Ripin Kalra, a senior research fellow at the University of Westminster, revisited three disaster-reconstruction sites in India, two earthquake sites and one affected by a super-cyclone. The visit came 15 years after his original visits in the immediate aftermath of the disaster(s).
The humanitarian sector is seeking ways and means to improve standards of 'shelter'
delivered by humanitarian agencies. The author concludes that there are several lessons that can be learned in order to build back better'' in future.
1. Consult the community on impact before implementing plans. There is a substantial transition period between emergency relief and reconstruction. Architects and other built environmental professionals should engage with communities to review the impact of any
reconstruction plans on the community. Such consultation should be extended to include any socially disadvantaged groups.
2. Building back better, not necessarily faster. There are enormous pressures to build permanent buildings and re-house faster.
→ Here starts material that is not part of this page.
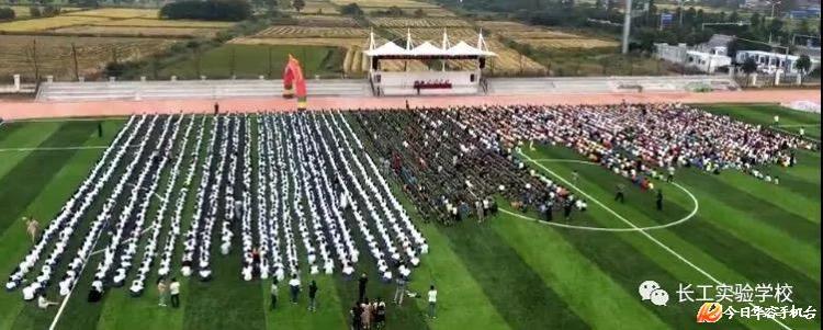 9月13日,华容县长工实验学校全体师生在田径场举行了隆重的开学典礼暨小学部一年级入学仪式。

Preparing and engaging a community takes time and (unless the weather is extremely harsh) permanent shelter may be less important than investing in the future sustainability of the community. These can include discussing design opportunities for change, strengthening social/ cultural - networks through design and layouts, providing safe building skills, new sources of income and restoring community confidence.
3. Relocation as a last resort. Relocation can adversely affect the community economy as well as their social and cultural fabric. It should only be considered as the last resort if the site is geo-technically un-buildable.
4. Local building culture. Design of houses and choice of materials should consider the local building practices. Engineered structures are only a good investment if there are adequate resources to maintain and manage the building for its full design life.
5. Assuring quality. Currently a majority of reconstruction is carried out without any longterm assurance on design and construction quality. Architects should respond to the
communities as both clients and design partners. Architects should aim for a complete built environment, not just disaster-resistant shells for living. Good access, Water, sanitation and energy are all essential contributions to building back better.
6. Association. External agencies need to develop partnerships with local agencies and local government to extend their input in building back until there is a strong local base to build safely and monitor safety.
7. Trauma. As observed, trauma lasts for many years and Architects need to work with local community workers to overcome fears about buildings, through dialogue and design.